I’m in a bar in Soho. A message flashes up on the plasma screen on the wall behind me: “Tom, I want to nibble your biltong.” A guy leaning against the banisters makes a show of putting his mobile phone away while making eye contact with a cute blond boy at the bar. Cute blond blushes. Soon, they’re smooching in a corner. How Tom’s biltong fared that night I don’t know, but I can guess.

This is London’s gay scene in a world without Aids. Since treatment for HIV became available in the mid-1990s, Aids has all but evaporated in rich countries. Annual deaths among gay men in Britain have crashed from a peak of over 1,162 in 1994 to just 153 in 2007. “Aids? I’ve never met anyone with Aids,” says Tim, an engineering undergraduate who’s sitting under the plasma screen, nursing a nasty pre-mixed drink. When I ask how many of the guys around us might be infected with HIV, he looks shocked. “That’s not a nice thing to talk about. I don’t know, 4 or 5 per cent?” Actually, the government estimates that around 9 per cent of gay men in London are HIV-infected, against 5 per cent elsewhere. But we’re not looking at all gay men in London. We’re looking at guys in a pick-up bar at 1am on Friday night; I’m probably the only person here who will leave without being propositioned. Many of the men eyeing each other up are in their 30s; they’ve had plenty of time to get infected. My guess is that 25 per cent of the men in this room have HIV, possibly a lot more. In 2006, 2,640 gay men were diagnosed with HIV—making up nearly two thirds of the total diagnoses of HIV infections that were acquired in Britain.

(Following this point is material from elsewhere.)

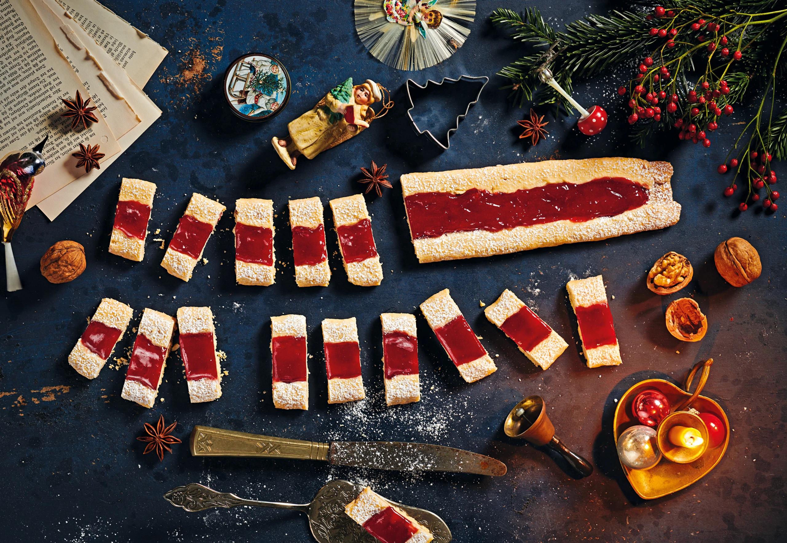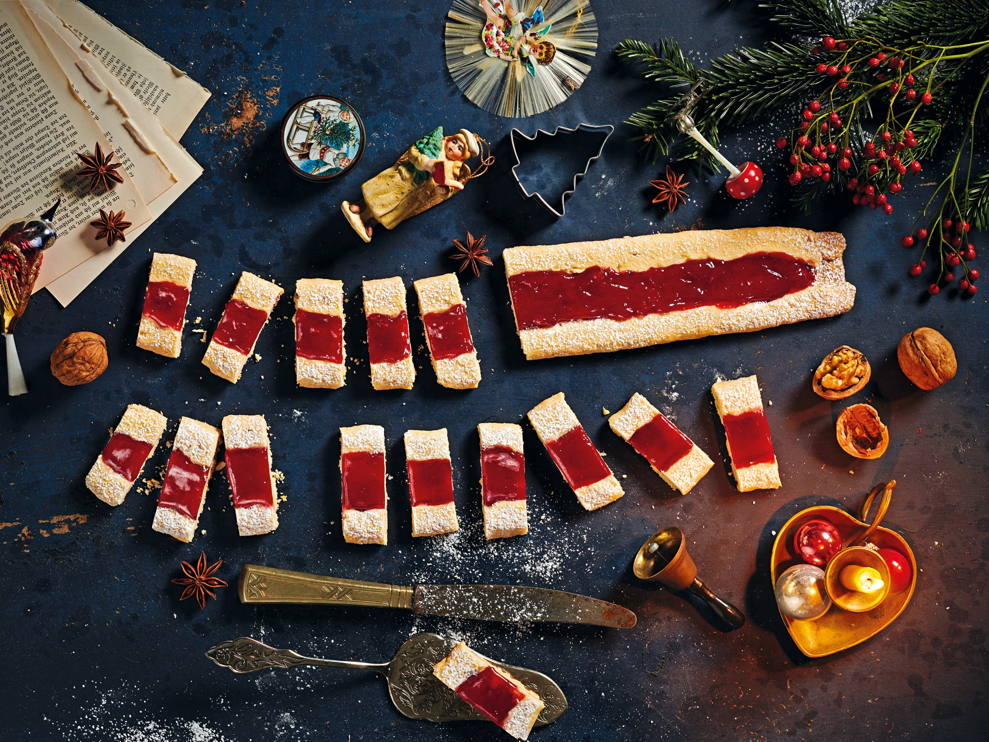 Teig auf einer leicht bemehlten Arbeitsfläche halbieren. Jedes Teigstück zu einem langen Streifen (35 x 10 cm) ausrollen. Teigstreifen auf das Blech legen und mittig mit der Marmelade bestreichen. Ober- und Unterseite der Teigstreifen einschlagen. In der Mitte soll ein ca. 3 cm breiter Streifen frei bleiben. Im Rohr (mittlere Schiene) ca. 17 Minuten hell backen. Herausnehmen und abkühlen lassen.

You don’t have to be an epidemiologist to work out that if 2,640 people are diagnosed with an incurable disease and only 153 die, the number of people known to be living with the disease will rise. The number of gay men living with HIV in Britain is probably around 31,000.

But these days you never see a cadaverous looking 35 year old in an armchair surrounded by friends trying not to notice that his face is covered by the black splotches of Kaposi’s sarcoma, a cancer that feeds on people weakened by HIV. And as Aids disappears, so does the most visible reason to avoid unprotected sex. Just under half of gay men say they had some unprotected anal sex in the last year, up from under a third in 1996, when treatment became widespread. But if HIV isn’t fatal any more, does it really matter if lots more people get infected?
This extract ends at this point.